A fresh wave of discontent is sweeping across Kenya’s teaching fraternity following the implementation of new medical access rules that educators say leave them financially exposed and effectively “taxed twice” for healthcare services.
Effective December 1, 2025, all teachers under the Teachers Service Commission (TSC) lost the medical allowances previously embedded in their salaries and are now required to pay out-of-pocket “fees for service” under the Public Officers Medical Scheme Fund (POMSF), administered through the Social Health Authority (SHA).
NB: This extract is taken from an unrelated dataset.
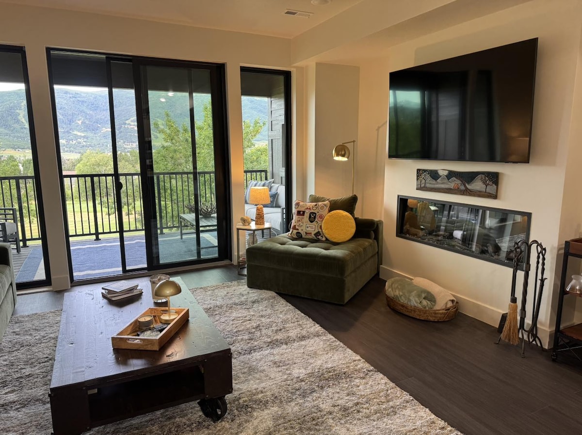 Enjoy your own private hot tub. This 1 bedroom condo in Eden, Utah, located right on the 10th hole of Wolf Creek Golf Course & minutes from 3 ski resorts. Perfect for 2 guests, but can accommodate 4, this retreat features a warm living area with a gas fireplace, a Smart TV, and stunning mountain views. The fully stocked kitchen has everything you need, while the bedroom with a king bed offers restful comfort. Enjoy the private patio with a 3 seater hot tub & outdoor seating & fire pit.

This is in addition to ongoing statutory SHA deductions reflected on their payslips.
The development has sparked outrage among teachers, union officials, and policy observers who argue that the transition was executed without adequate consultation, public participation, or protection of teachers’ welfare—despite affecting more than 400,000 educators nationwide.
For years, teachers received medical allowances as part of their basic pay, funds that were later redirected to support a medical insurance cover procured by TSC through a consortium of private insurers.
Although the shift drew criticism—primarily due to inadequate specialized facilities in some regions—teachers still benefited from two parallel systems: their statutory NHIF (now SHA) contributions and the private insurance paid for using the scrapped allowances.
However, the latest transition to POMSF has collapsed this dual structure, leaving teachers with a single option even though they argue they are still funding both systems.
Former Director-General of the Public Service Regulatory Authority (PSRA) says this is a bad deal for teachers.
“It is incomprehensible that a Kenyan teacher is required to pay statutory deductions to SHA and still pay at the point of service under POMSF. That is the very definition of double taxation,” said Mahamed who has publicly criticized the TSC’s administrative actions.
He said the unions representing the teachers need to address the matter.
Teachers say the new arrangement strips them of all the medical privileges they previously enjoyed—either through allowances or the private insurance cover—while imposing new financial burdens with no corresponding benefits.
Many argue that if private insurance is being phased out, then medical allowances must be reinstated to cushion them.
Educators also accuse TSC of violating constitutional principles, including the right to fair administrative action, public participation in policy changes, and the economic rights of workers.
“This is economic sabotage disguised as reform. Teachers are being punished for a system they did not design, did not approve, and were not consulted on,” said a teacher in Nairobi, who asked not to be named for fear of reprisals.
The TSC has yet to issue a comprehensive public statement addressing the concerns or clarifying how the new deductions and service fees align with constitutional requirements and labour protections.
As discontent grows across the country, teachers are calling on Parliament, education unions, and civil society to intervene and push for immediate reforms—including the reinstatement of medical allowances or a reversal of the POMSF implementation.
For now, the country’s educators say they are left feeling unprotected, unheard, and burdened by a system they describe as “unfair, punitive, and unsustainable.”